→ Problem to solve: The material below includes pictures; leave them out and return only the lines between the line containing "Играет на Counter" and the line containing "- We offer more", inclusive, word for word.

→ Input data:
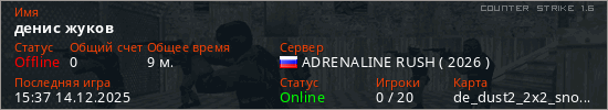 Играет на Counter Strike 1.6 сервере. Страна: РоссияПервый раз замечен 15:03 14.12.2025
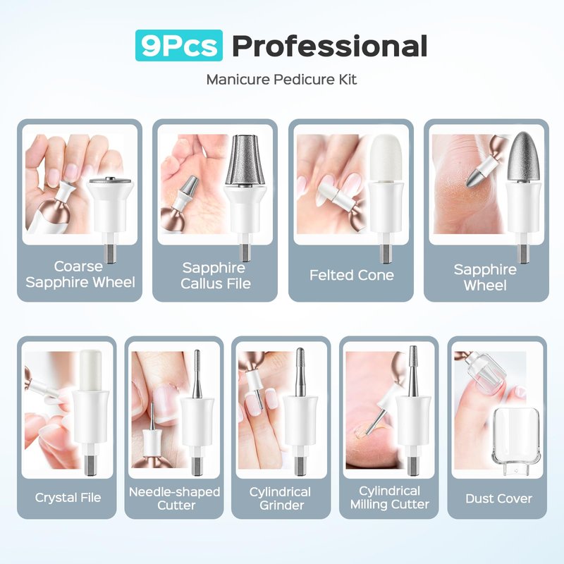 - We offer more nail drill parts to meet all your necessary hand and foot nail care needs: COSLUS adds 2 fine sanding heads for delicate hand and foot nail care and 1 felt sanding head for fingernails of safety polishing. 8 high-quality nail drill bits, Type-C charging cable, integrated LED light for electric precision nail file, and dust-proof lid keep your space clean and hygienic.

---

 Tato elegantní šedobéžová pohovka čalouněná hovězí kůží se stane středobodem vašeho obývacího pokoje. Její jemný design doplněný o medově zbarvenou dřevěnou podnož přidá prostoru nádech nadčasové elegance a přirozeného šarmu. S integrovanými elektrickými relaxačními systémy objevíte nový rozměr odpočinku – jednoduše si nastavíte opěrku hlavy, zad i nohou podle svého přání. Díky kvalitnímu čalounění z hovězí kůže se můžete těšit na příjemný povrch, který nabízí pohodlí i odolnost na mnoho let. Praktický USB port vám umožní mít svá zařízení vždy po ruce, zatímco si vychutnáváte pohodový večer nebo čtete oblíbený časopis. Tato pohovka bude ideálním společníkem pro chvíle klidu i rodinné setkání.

→ Your solution:
 Играет на Counter Strike 1.6 сервере. Страна: РоссияПервый раз замечен 15:03 14.12.2025
 - We offer more nail drill parts to meet all your necessary hand and foot nail care needs: COSLUS adds 2 fine sanding heads for delicate hand and foot nail care and 1 felt sanding head for fingernails of safety polishing. 8 high-quality nail drill bits, Type-C charging cable, integrated LED light for electric precision nail file, and dust-proof lid keep your space clean and hygienic.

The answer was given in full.